Начало XX в. в Европе ознаменовалось резким усилением внимания к украинскому вопросу. Идеи и концепции украинского движения, восходящие к революционным событиям 1848 г., а от них — к польской шляхетской идеологии сарматизма, стали реакцией на многовековое подчиненное положение украинского населения по отношению к представителям власти из числа местных элит. Вместе с тем со временем украинские требования по недопущению русского и польского влияния в Галиции переросли в отдельную идеологию, ставившую своей целью создание независимого государства украинцев. Видоизменявшееся на протяжении нескольких десятилетий самосознание галицийских украинцев привело к деформации ментальности целых этнических групп и появлению уже не первого поколения людей, для которых то, что мы сейчас именуем украинским национализмом, было не политической платформой, а психологией. При этом главной проблемой украинского движения оставалось отсутствие идеологической однородности его доктрины, что заставило его приверженцев обратиться к мифотворчеству, выдающимся событиям национальной истории и идеям нерушимости национального государства.

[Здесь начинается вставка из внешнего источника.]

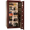 Внешняя отделка:Декоративное покрытие Высота ружей:1375мм Покрытие: Бордовый зеркальный автомобильный металлик. Универсальный сейф, может использоваться как в качестве оружейного сейфа, так и в качестве личного сейфа. Производство Liberty Safe and Security Products, Inc (США, штат Юта). Сейфы Liberty сертифицированы на взломостойкость и огнестойкость в США. Полностью удовлетворяют требованиям МВД. Великолепный дизайн! При изготовлении покрытий для этих сейфов используется специальный декоративный автомобильный металлик, такие же покрытия используются при производстве американских автомобилей премиум класса. Сейфы изготавливаются непосредственно в США. Штурвал сейфа имеет покрытие золотом 24 карата. Замок Сейф оборудован высокосекретным электронным кодовым замком Sargent & Greenleaf (США). Этот замок вы можете по вашему желанию эксплуатировать как в режиме одного кода, так и в режимах используя от 2-х до 9-и кодов. Можно использовать иерархическую систему кодов: мастер-код – код руководителя – пользовательские коды. Инновационная защита замка – закалённой пластиной с вращающимися шариками. Шарики вращаются если в них упирается сверло. New! Кодовая панель замка теперь имеет удобную светодиодную подсветку. Защита Усиленный корпус. Дверь усиленная коробчатой конструкции. Дополнительное усиление двери внутренней стальной плитой. Дверь оборудована мощной многосторонней ригельной запирающей системой, 18 активных ригелей диаметром 38мм. Специальные пластины внутри двери на рейках с ригелями для усиления защиты при попытке вскрытия монтировкой, рычагом и т.п. Лучший в своём классе поворотный запирающий механизм GX-480 MONSTER MECH с усиленной защитой. Увеличенный выход ригелей по сравнению с традиционными запирающими механизмами. Тип запирающего механизма - с зубчатой передачей и со смещенным центром. Этот запирающий механизм имеет лучшую защиту от бокового выбивания ригелей (по сравнению с DX-90 Monster Mech) и большую защиту от высверливания и пробивания по сравнению с другими запирающими механизмами. Инновационный привод поворотного запирающего механизма «SURETIGHT» с муфтой скольжения для защиты замка при приложении крутящего мышечного усилия при попытке взлома. Устойчивость к взлому сейфа не менее 30Ес. Система внутренних и внешних Fail-Safe™ relocker для блокировки замка или/и запирающего механизма при механических и термических воздействиях на замок. Security Level (взломостойкость по шкале Liberty Safe) – 30. Fire Rating 1200°F (огнестойкость при температуре в испытательной печи 649°C, заданный предел огнестойкости 177°C) – 2,5H. BTU Heat Rating (огнестойкость в Британских единицах тепловой мощности) – 131,000 BTUs. Внутреннее устройство Внутри сейфа ложементы и полки, съёмные с регулируемой высотой установки. Внутренняя поверхность корпуса, а также внутренние элементы имеют мягкую отделку. Сейф имеет удобный выдвижной ящик для хранения драгоценностей. Внутренняя поверхность двери сейфа имеет держатели для пистолетов, карманы, держатели для ножей и т.п., удобные закрывающиеся сумки. Так же имеется специальный закрывающийся пакет COOL POCKET™ для хранения особо важных документов. Он изготовлен из специальных материалов и обеспечивает дополнительную тепловую защиту. Сейф имеет электрическую светодиодную подсветку с датчиком движения. Подсветка включается автоматически при открывании двери сейфа. Сейф

По выражению британского исследователя Бенедикта Андерсона, «волшебство национализма» заключалось именно в том, «чтобы превратить шанс в предназначение» (Anderson 1983: 19).
…
Тем не менее, со временем акцент противодействия полностью сместился в сторону России. Русины и русские стали обозначаться как представители двух диаметрально противоположных рас: первые относились к истинным наследникам славянских племен, вторые — к потомкам непонятного племенного конгломерата, включавшего в себя финно-угров, прибалтов и монголов (Subtelny 1988: 52–53). Галиция в этой связи именовалась «заслоном от угрожающих нашей западноевропейской культуре нецивилизованных восточных народов» (Kessler 1916: 39). Излюбленным приемом официальной австрийской пропаганды стало противопоставление Европы и России как наследниц разных частей Римской империи: России — деспотичной Византии, Европы — благородного Рима (Schmidt 1914: 5–6). К Европе в данном случае относили и Украину, которая «была слишком прочно привязана к западноевропейской культуре, чтобы с легким сердцем подчиниться насилию азиатского деспота» (Puluj 1915: 11).